TRY IT: Begin the copy at the line containing "在上学的路上,爷爷还在奋笔疾书。" in the data below and end it at the line containing "10kt Yellow gold", keeping each line exact and leaving out pictures.

EXTRACTED RECORDS:

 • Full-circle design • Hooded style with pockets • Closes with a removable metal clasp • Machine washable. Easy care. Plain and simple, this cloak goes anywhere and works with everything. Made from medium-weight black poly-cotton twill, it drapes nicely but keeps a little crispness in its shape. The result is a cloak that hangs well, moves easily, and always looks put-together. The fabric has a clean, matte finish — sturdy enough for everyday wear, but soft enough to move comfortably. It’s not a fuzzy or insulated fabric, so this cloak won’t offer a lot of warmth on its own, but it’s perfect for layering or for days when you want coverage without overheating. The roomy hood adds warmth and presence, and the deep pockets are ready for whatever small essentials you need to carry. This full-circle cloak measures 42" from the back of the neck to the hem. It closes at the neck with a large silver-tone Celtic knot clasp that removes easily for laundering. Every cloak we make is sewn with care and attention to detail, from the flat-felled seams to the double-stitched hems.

* * *

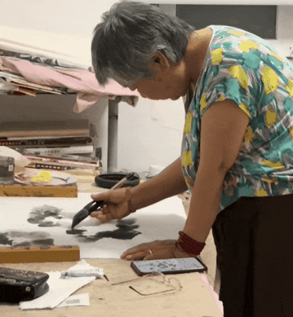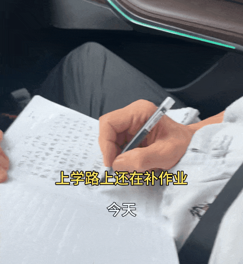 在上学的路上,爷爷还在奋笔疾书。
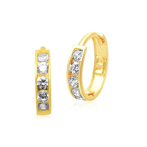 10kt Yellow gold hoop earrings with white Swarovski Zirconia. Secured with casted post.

...

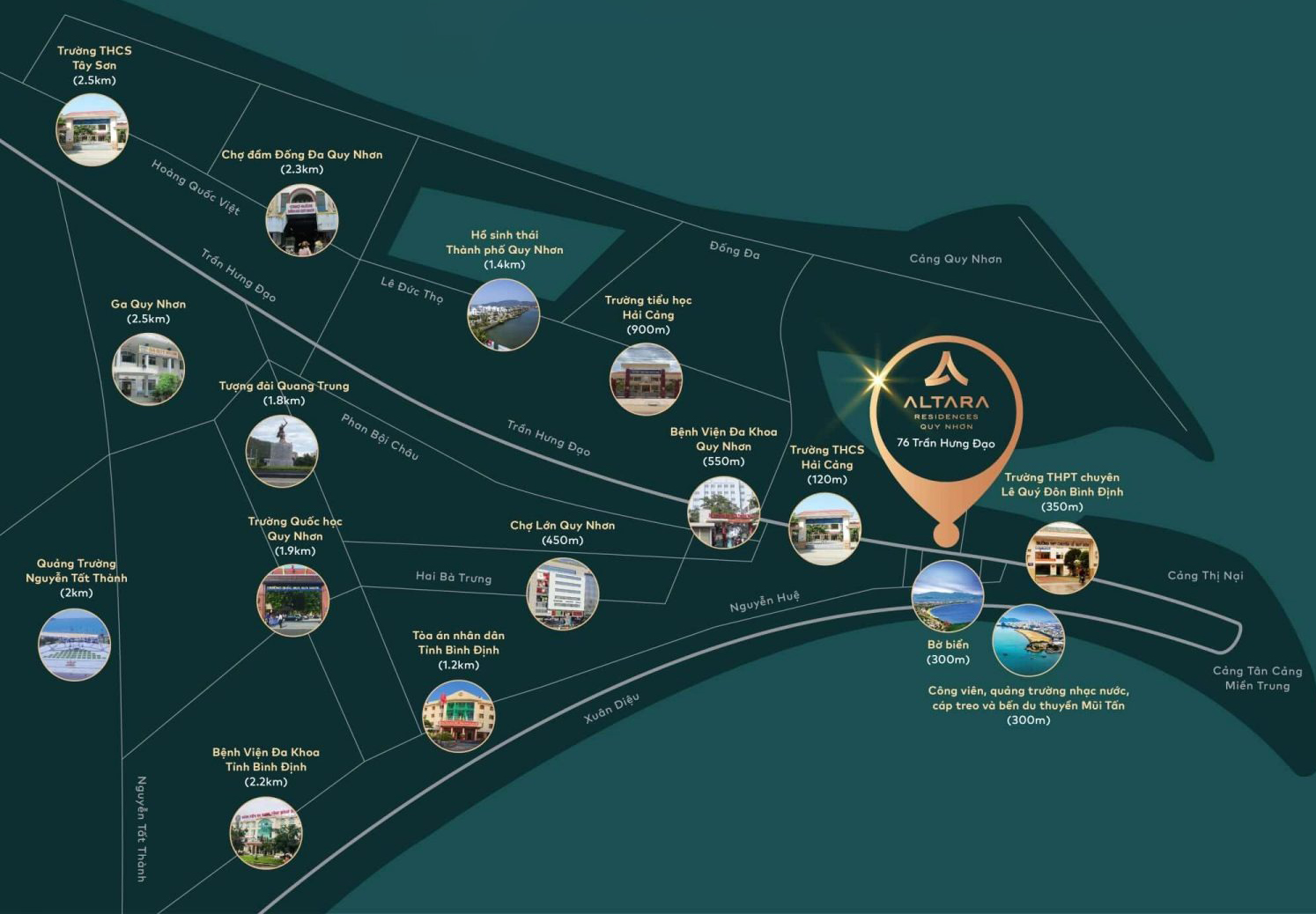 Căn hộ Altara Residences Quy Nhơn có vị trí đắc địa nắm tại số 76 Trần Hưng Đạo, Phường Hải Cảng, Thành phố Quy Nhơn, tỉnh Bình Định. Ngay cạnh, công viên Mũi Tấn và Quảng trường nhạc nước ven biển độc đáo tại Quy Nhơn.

RESULT BELOW:
 在上学的路上,爷爷还在奋笔疾书。
 10kt Yellow gold hoop earrings with white Swarovski Zirconia. Secured with casted post.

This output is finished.